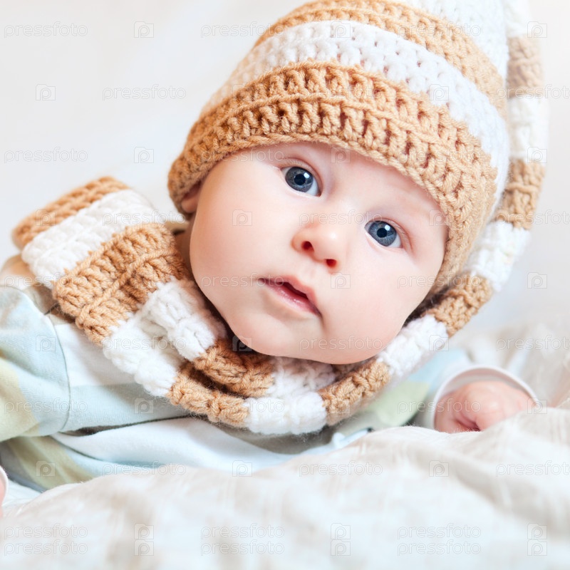 Портрет милого маленького ребенка в вязаной шапке
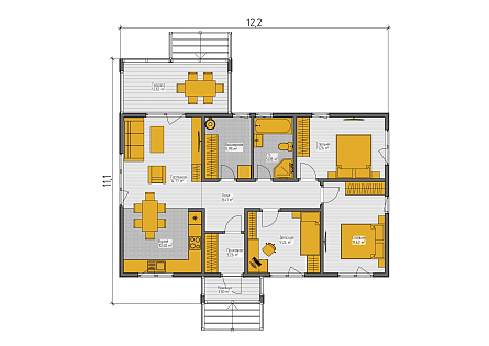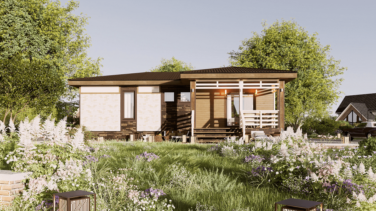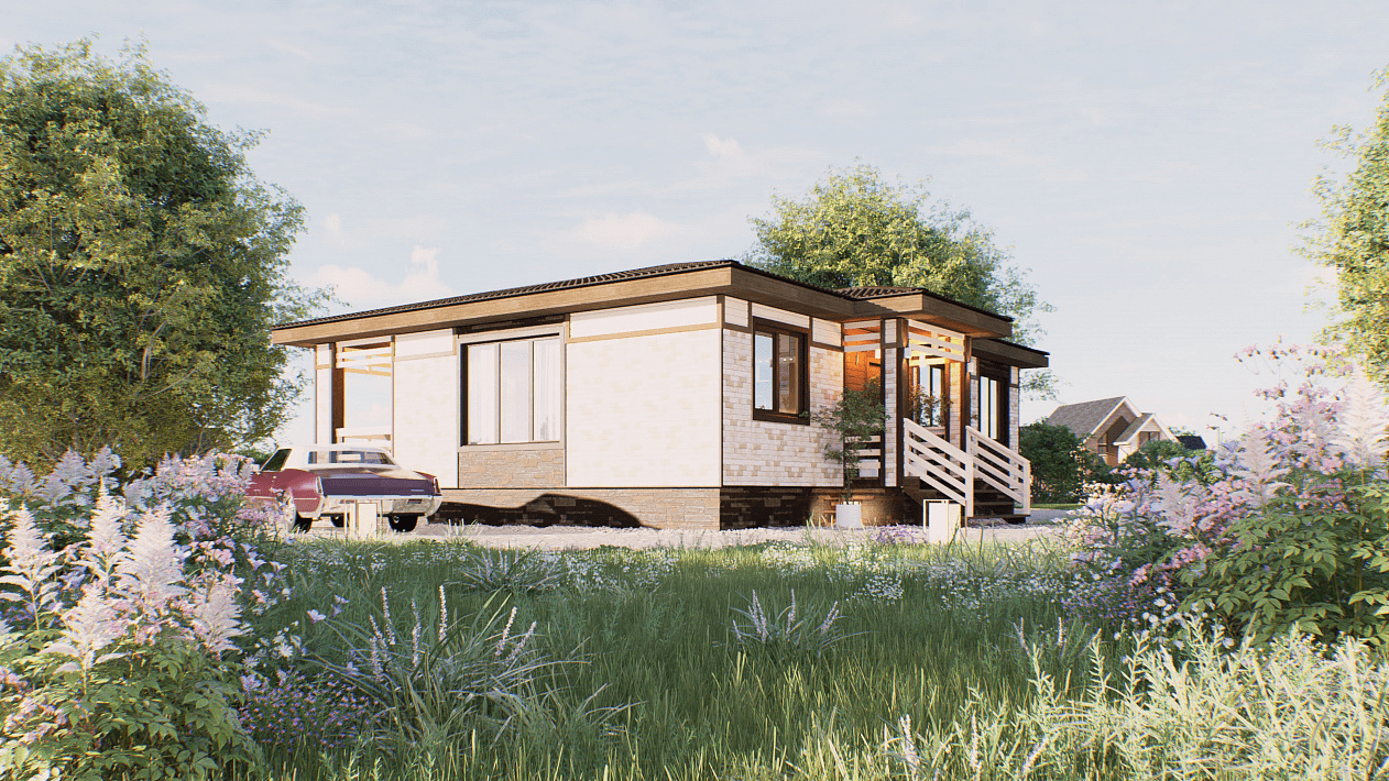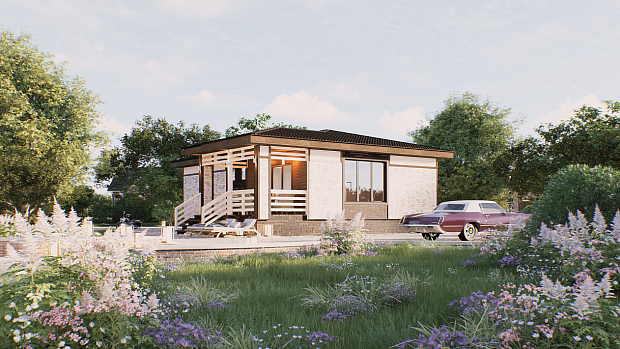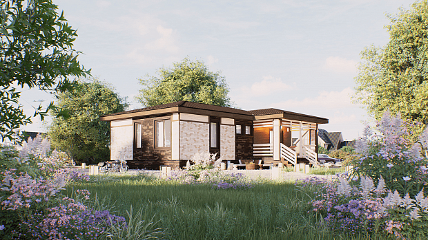 - SIP 224 мм. (ориентированно-стружечная плита OSB-3 Талион/Калевала/EGGER, толщиной 12 мм; самозатухающий пенополистирол НовоПласт/Knauf Therm). Соединение панелей через строганый брус камерной сушки сечением 95х195 мм.
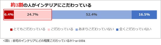 「自宅のインテリアにどの程度こだわっていますか?」と尋ねたところ、「とてもこだわっている」(6.4%)、「こだわっている」(24.7%)と回答した人を合わせると約3割の人が自宅のインテリアにこだわっていることが分かりました。(図1)

------------------------------------------------------------

## Exercise goal:
Print every line of the data exactly. Pictures do not belong in the copy.

## Finished task:
 Портрет милого маленького ребенка в вязаной шапке
 - SIP 224 мм. (ориентированно-стружечная плита OSB-3 Талион/Калевала/EGGER, толщиной 12 мм; самозатухающий пенополистирол НовоПласт/Knauf Therm). Соединение панелей через строганый брус камерной сушки сечением 95х195 мм.
 「自宅のインテリアにどの程度こだわっていますか?」と尋ねたところ、「とてもこだわっている」(6.4%)、「こだわっている」(24.7%)と回答した人を合わせると約3割の人が自宅のインテリアにこだわっていることが分かりました。(図1)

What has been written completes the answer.